# [Required work]
An exact copy of the lines of the listing below between the "Слайд 3ЗНАЧЕНИЕ СЛОВА" line and the "Съемник двухлапый Ø" line, both included, is the whole answer; please omit the pictures.

# [Records to process]
════════

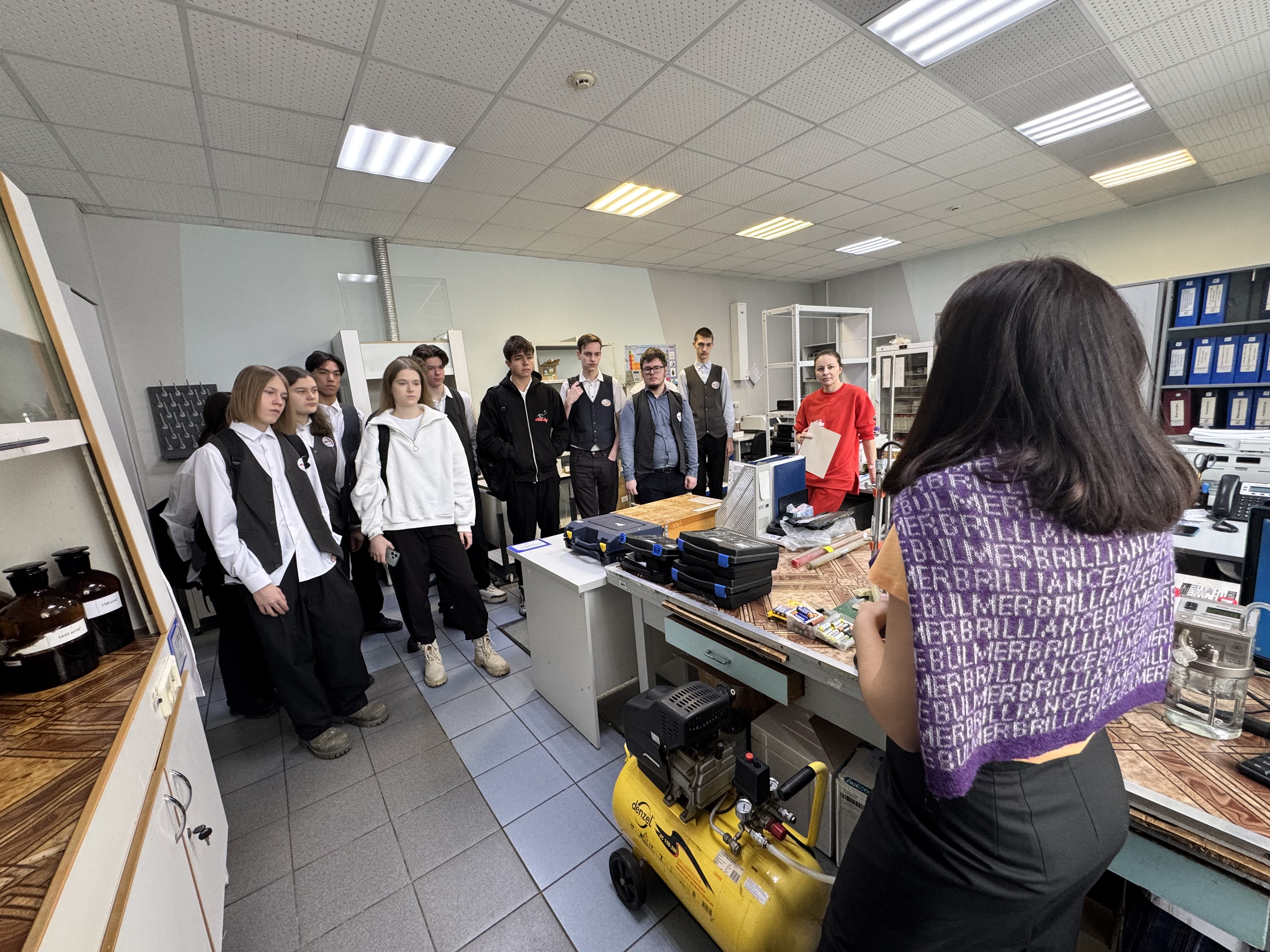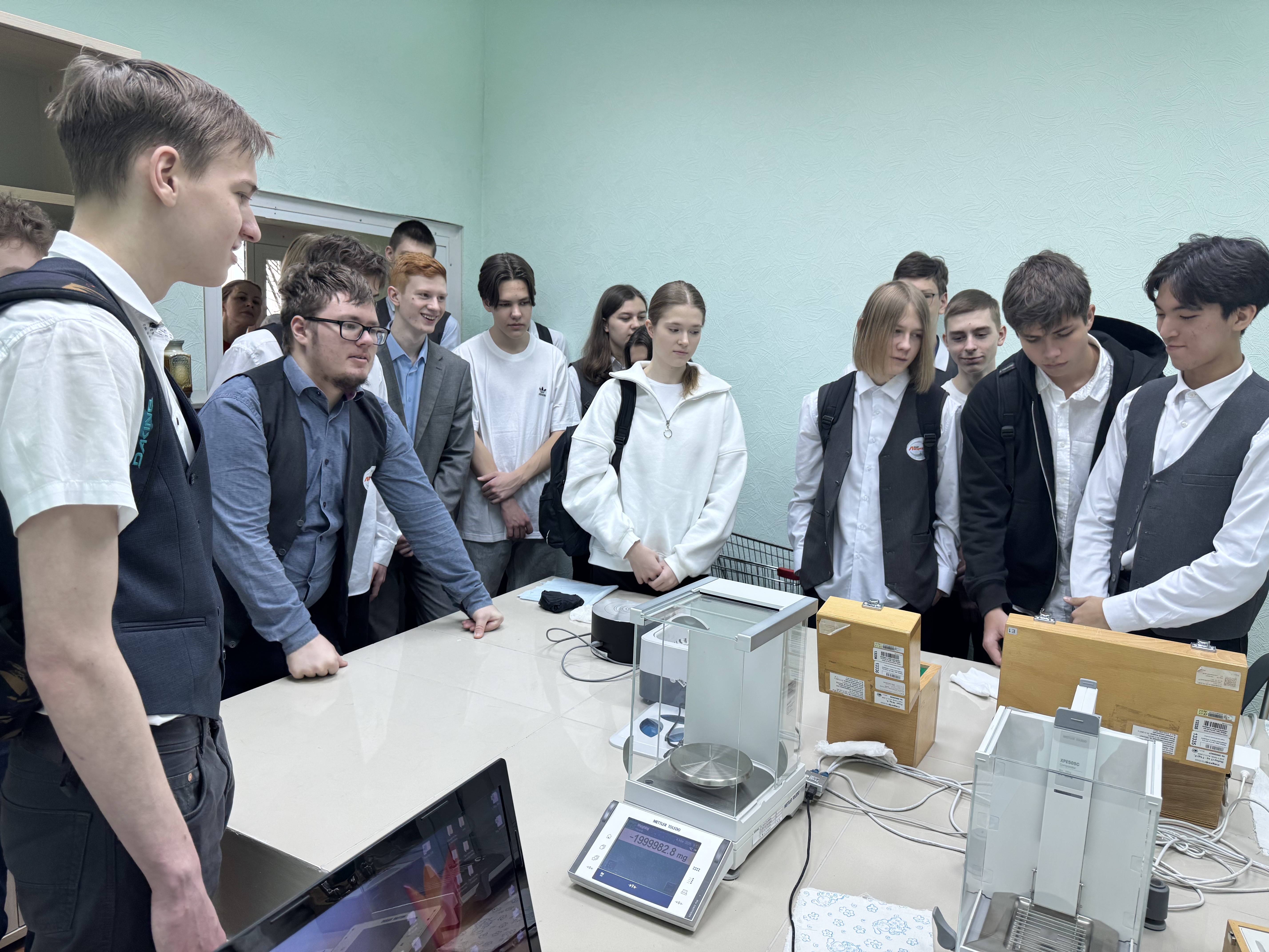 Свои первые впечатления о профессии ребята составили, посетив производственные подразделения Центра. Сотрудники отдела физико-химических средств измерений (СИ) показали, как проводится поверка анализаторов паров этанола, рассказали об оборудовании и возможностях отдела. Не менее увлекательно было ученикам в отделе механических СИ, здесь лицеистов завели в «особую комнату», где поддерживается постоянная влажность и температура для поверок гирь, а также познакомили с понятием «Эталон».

════════

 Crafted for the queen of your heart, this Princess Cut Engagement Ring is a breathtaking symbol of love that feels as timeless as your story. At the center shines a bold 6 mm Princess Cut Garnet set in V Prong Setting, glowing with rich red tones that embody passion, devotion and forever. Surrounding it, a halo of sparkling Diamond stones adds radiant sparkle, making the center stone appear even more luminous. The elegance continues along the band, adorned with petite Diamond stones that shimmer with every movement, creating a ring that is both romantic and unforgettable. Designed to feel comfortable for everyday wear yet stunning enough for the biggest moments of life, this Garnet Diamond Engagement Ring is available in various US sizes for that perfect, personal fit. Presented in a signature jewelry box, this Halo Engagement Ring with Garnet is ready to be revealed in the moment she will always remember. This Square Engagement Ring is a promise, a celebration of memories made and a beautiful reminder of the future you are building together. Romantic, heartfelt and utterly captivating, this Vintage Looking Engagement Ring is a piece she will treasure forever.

════════

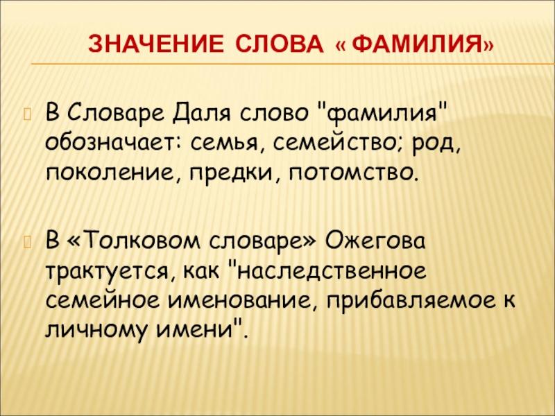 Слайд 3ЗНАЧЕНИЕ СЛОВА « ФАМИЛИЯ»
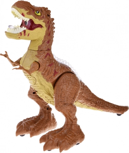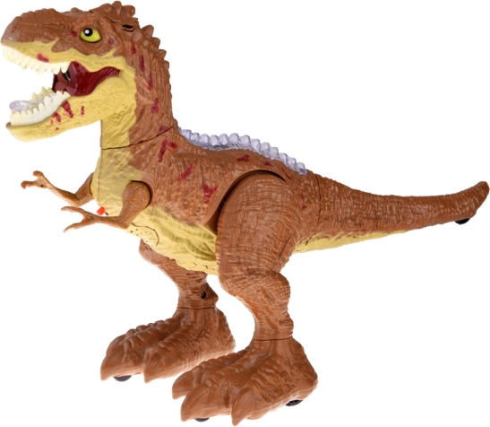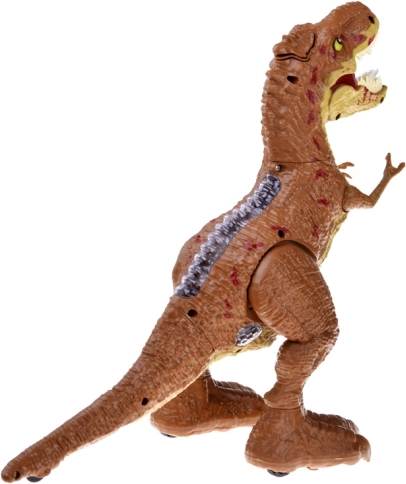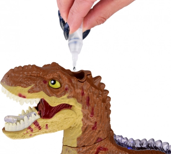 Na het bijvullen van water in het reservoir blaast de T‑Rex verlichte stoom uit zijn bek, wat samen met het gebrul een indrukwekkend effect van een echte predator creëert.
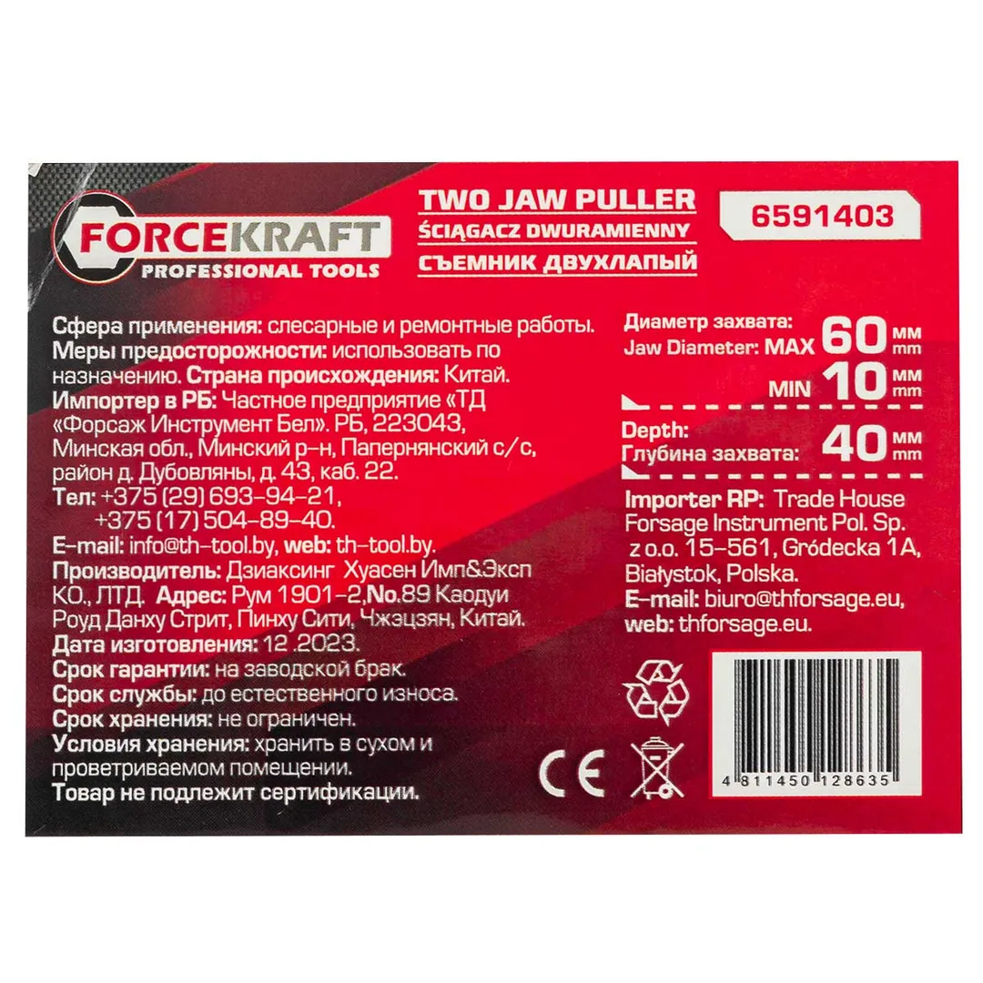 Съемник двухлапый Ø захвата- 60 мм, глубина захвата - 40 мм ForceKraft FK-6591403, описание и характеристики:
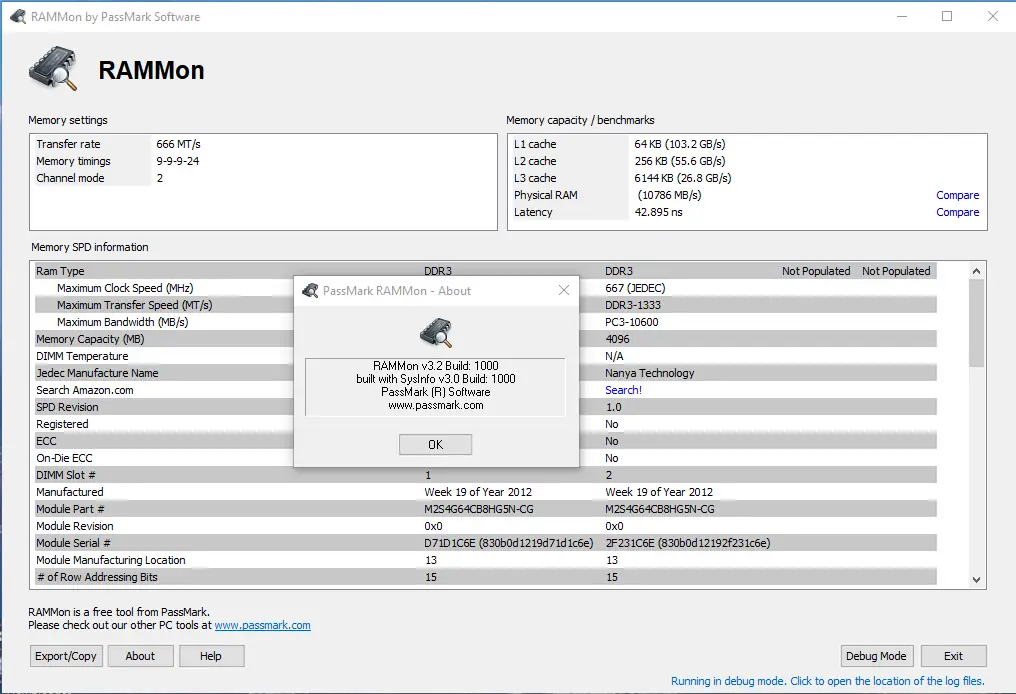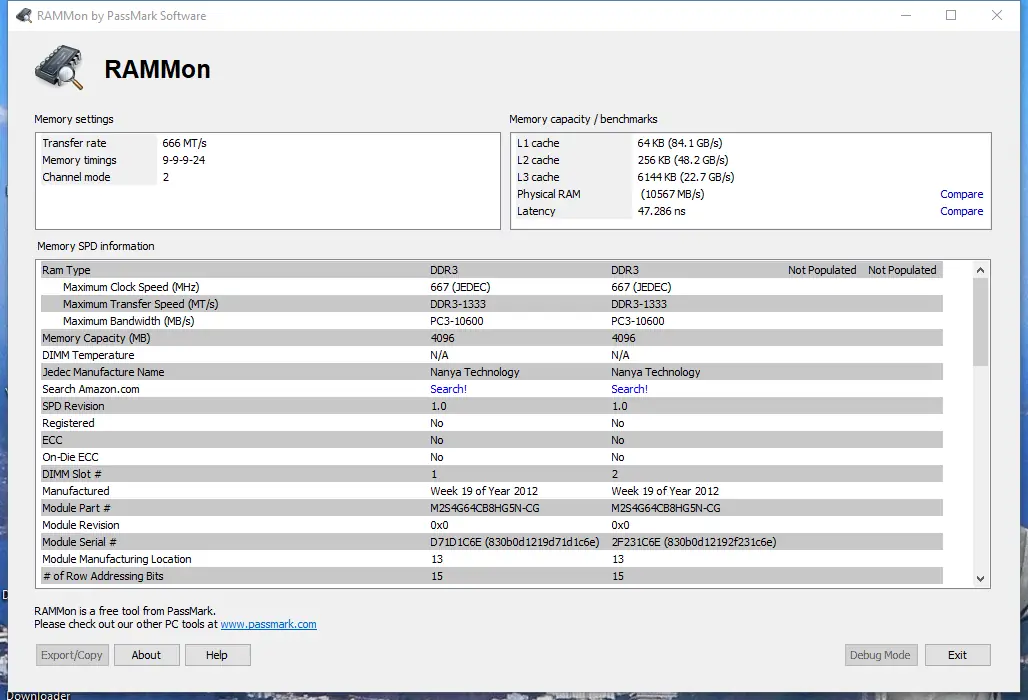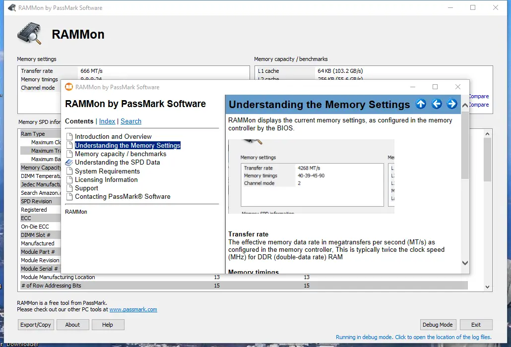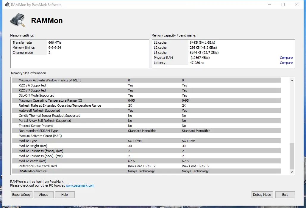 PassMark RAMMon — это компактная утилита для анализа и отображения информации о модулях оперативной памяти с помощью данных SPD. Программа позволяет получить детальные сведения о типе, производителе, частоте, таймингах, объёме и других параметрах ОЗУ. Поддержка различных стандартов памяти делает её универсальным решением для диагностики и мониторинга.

════════

# [Answer to the problem]
 Слайд 3ЗНАЧЕНИЕ СЛОВА « ФАМИЛИЯ»
 Na het bijvullen van water in het reservoir blaast de T‑Rex verlichte stoom uit zijn bek, wat samen met het gebrul een indrukwekkend effect van een echte predator creëert.
 Съемник двухлапый Ø захвата- 60 мм, глубина захвата - 40 мм ForceKraft FK-6591403, описание и характеристики:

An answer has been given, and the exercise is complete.